The Consolidated Customer Support division operates 19 “duplicative” help desks, which the office plans to merge into a single unit. As they do so, CCS officials want to use robotic process automation to “gain efficiencies to existing processes and mitigate the need for additional labor,” according to a solicitation posted to SAM.gov.
CCS has already deployed eight automation tools: the Data Transfer Request Bot; Password Reset Bot; Data Access Request Bot; User Account Exception Request Bot; Automated Endpoint Testing Bot; Customer Engagement and Follow-Up Bot; Account Disablement Bot; and Distribution List Modification Bot.
However, the agency has “encountered several technical challenges with full implementation,” the solicitation states, including waiting on the platform and cloud environment to get cybersecurity certifications known as an authority to operate, or ATO.
State has an additional problem managing user privileges and access to bots for remote workers.
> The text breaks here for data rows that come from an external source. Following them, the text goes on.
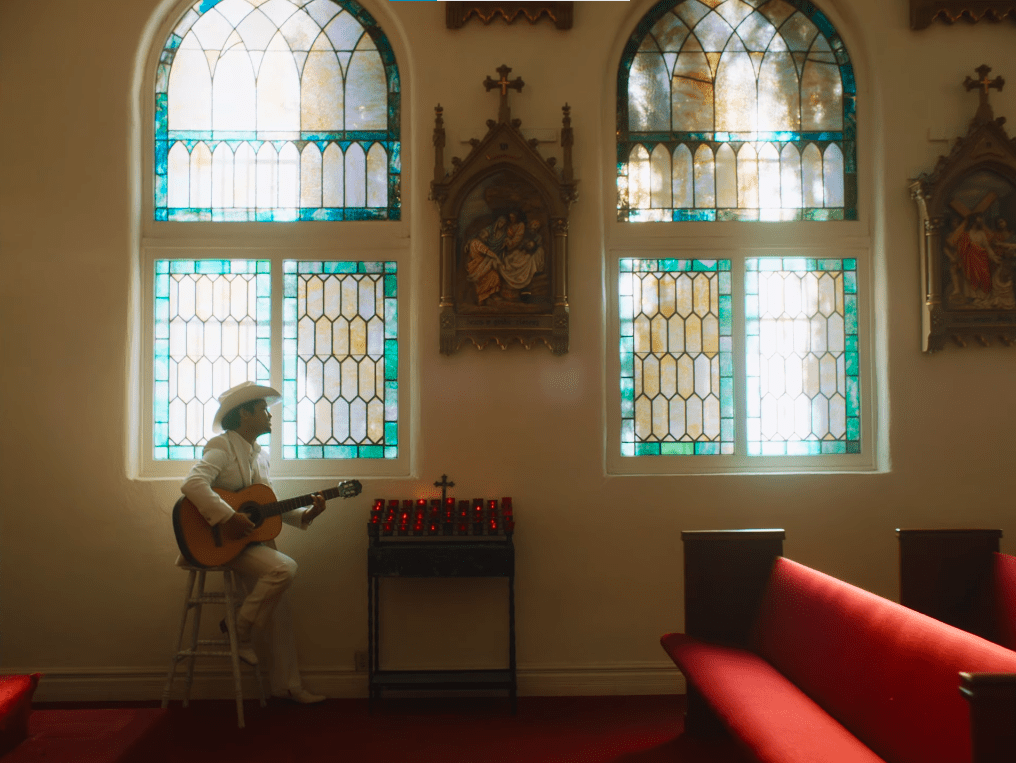 El videoclip de Risk It All amplía la propuesta musical al recrear una celebración ambientada en una iglesia decorada con la imagen de la Virgen de Guadalupe. También muestra un grupo de mariachis acompañando al cantante, vestimenta tradicional, flores, velas y elementos típicos de fiestas mexicanas.
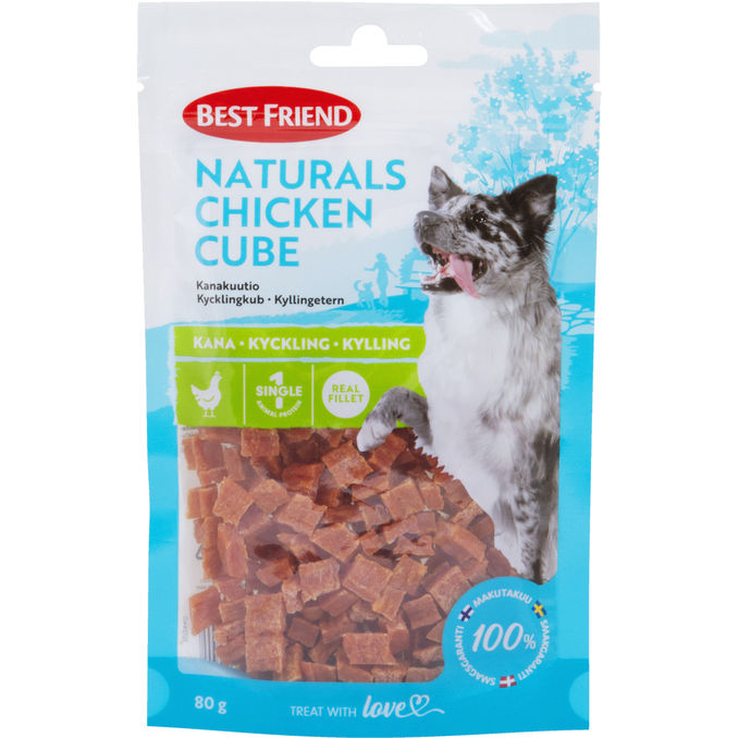 Best Friend Naturals Chicken Cube er lækre og naturlige hundesnacks lavet af førsteklasses kyllingekød, der er skåret i små, praktiske tern. Disse godbidder er rige på protein og har et lavt fedtindhold, hvilket gør dem ideelle som en sund belønning under træning eller som en hurtig snack mellem måltiderne.
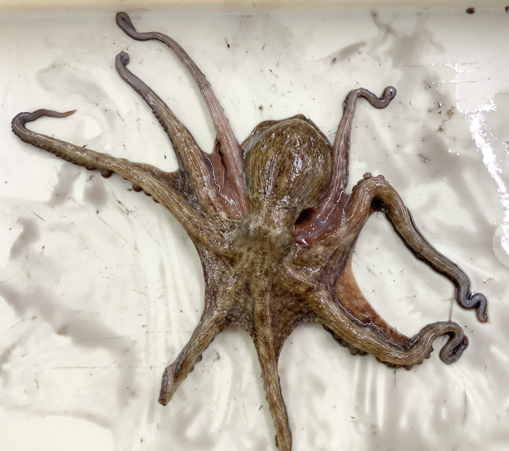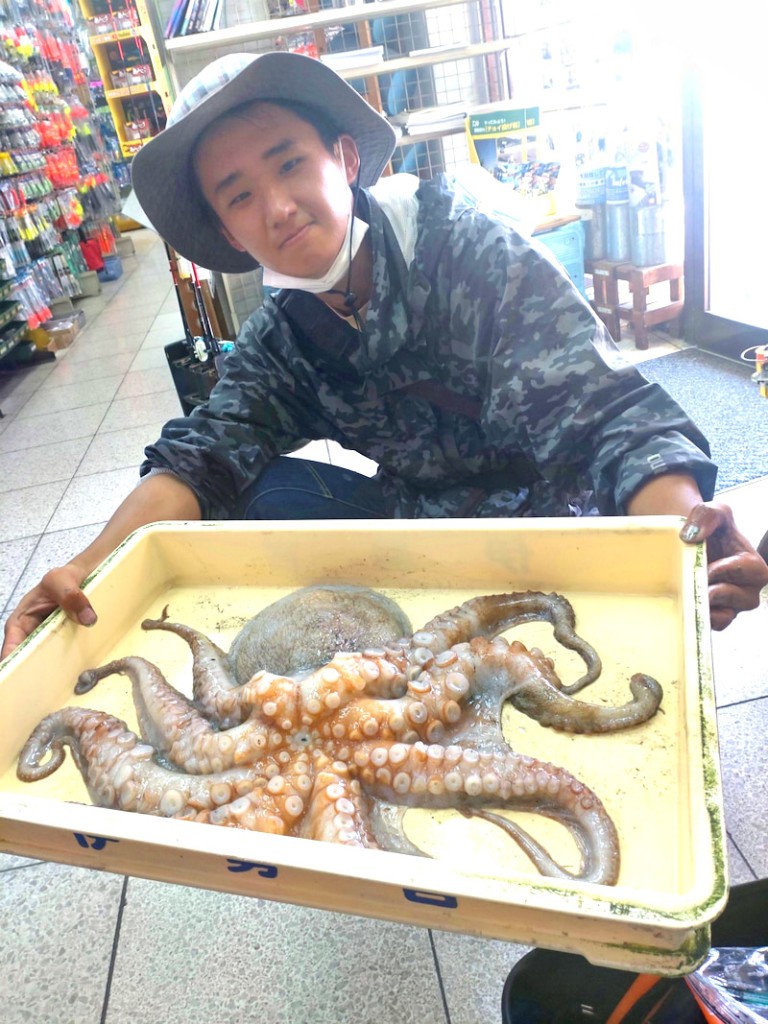 新波止で野寺氏マダコ2220gをタコエギで。
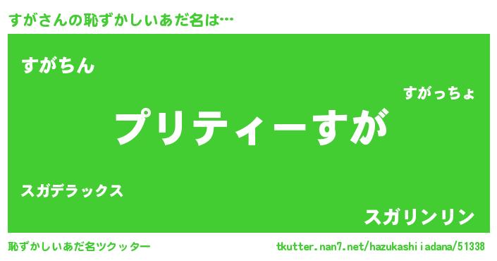 | ポケモン風あだ名 | 『スガチュウ』『ゼニスガ』『ヒスガ』 |
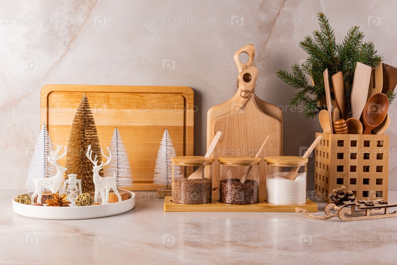 Красивый стильный кухонный фон с экологически чистой кухонной утварью, имбирным хлебом, режущими досками на мраморном столешнице с рождественскими украшениями
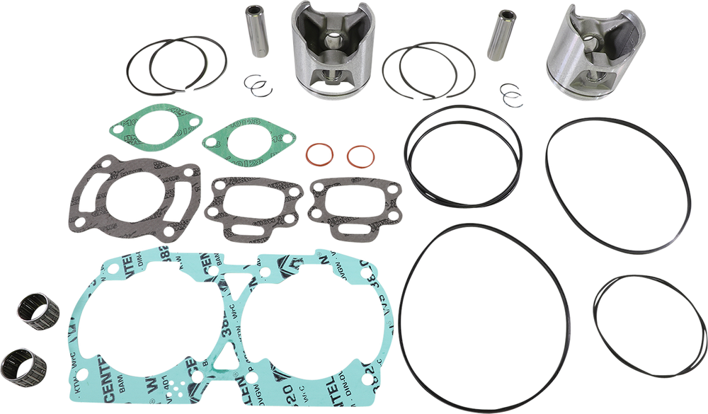 • Include pistons, rings, pins, clips, racing needle bearings, head and base gaskets, intake and exhaust gaskets
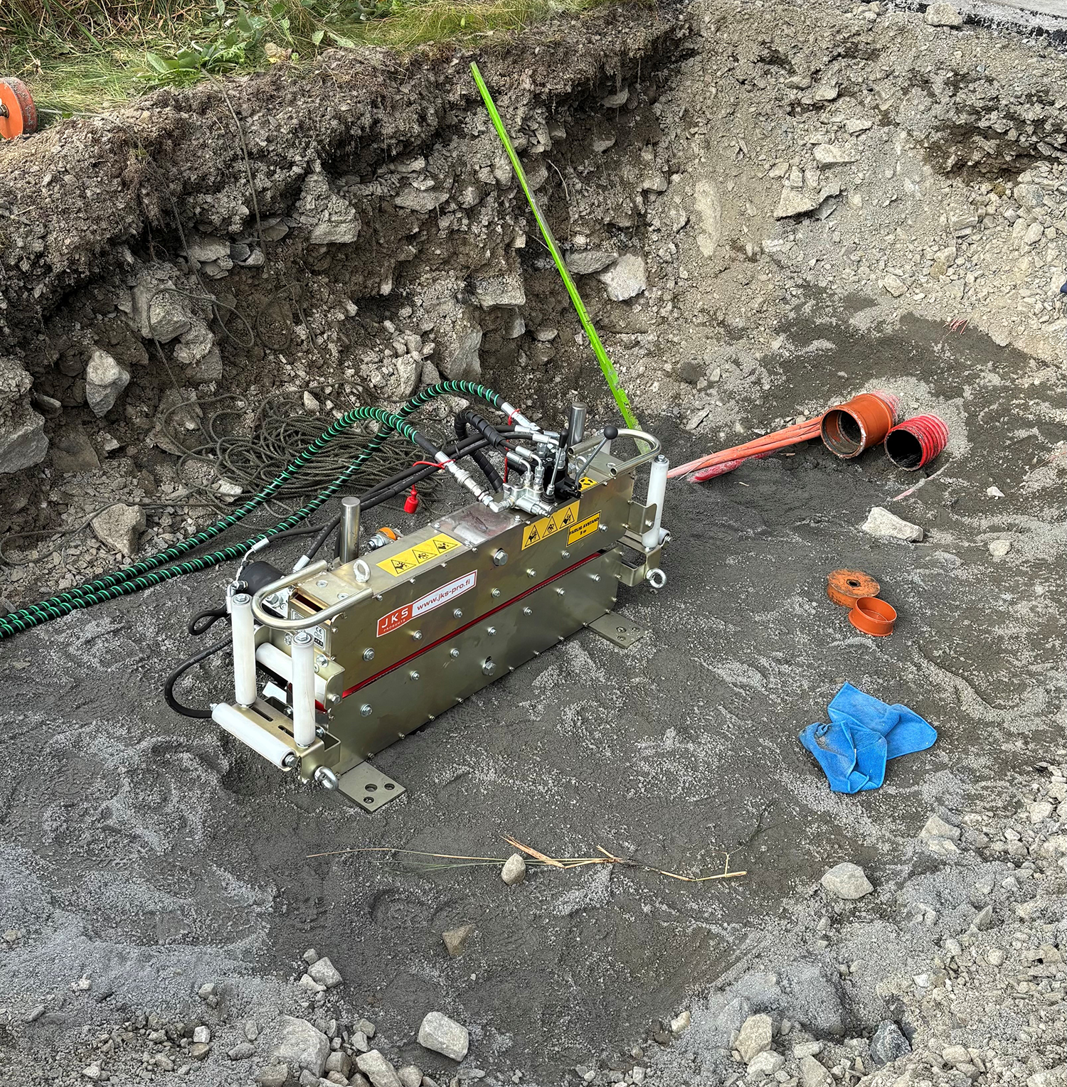 Med hjelp fra vår kabelskyver SD125, kombinert med vår JKS-kabelvogn og Polywater-smøring, ble prosjektet gjennomført effektivt, trygt og langt rimeligere enn tradisjonell graving.

“Per the DOS policy, users cannot use ‘privileged accounts for actions that can be completed using nonprivileged accounts.’ Thus, a service center technician cannot perform ‘user’ type work in ITSM system while logged in under administrative credentials to access Active Directory tools,” the document states. “Thus, automations are not often accessed unless users are reporting into the office environment. Existing and future automations must be developed for remote work.”
The contractor will be expected to enhance and maintain the eight existing RPA tools, help develop new automation software and work with the operations and maintenance teams to implement those new tools. CCS already has a list of 11 “user story candidates” for the contractor to focus on.
While State is looking to automation to ease the workload of a consolidated help desk, the agency doesn’t want to automate bad processes and make things worse. As such, the solicitation requires “that the contractor is versed in user experience design thinking, process improvement, and agile software development.”
With that in mind, the work will require the contractor to:
- Address the whole experience, from start to finish.
- Make it simple and intuitive.
- Use data to drive decisions.
- Understand what stakeholders need.
The solicitation offers more details for each of those asks, including references to the department’s digital service playbook.
CCS hopes to start the contract on Sept. 30, though “full performance will not begin until satisfactory personnel employment suitability clearances have been received and successfully processed,” the solicitation states. The contract will run for six months, with four six-month optional add-ons.
Bid proposals as part of the first phase of consideration are due Aug. 6. In a question and answer document posted Wednesday, officials noted that vendors must submit proposals for Phase I in order to be eligible for the second phase of the downselect.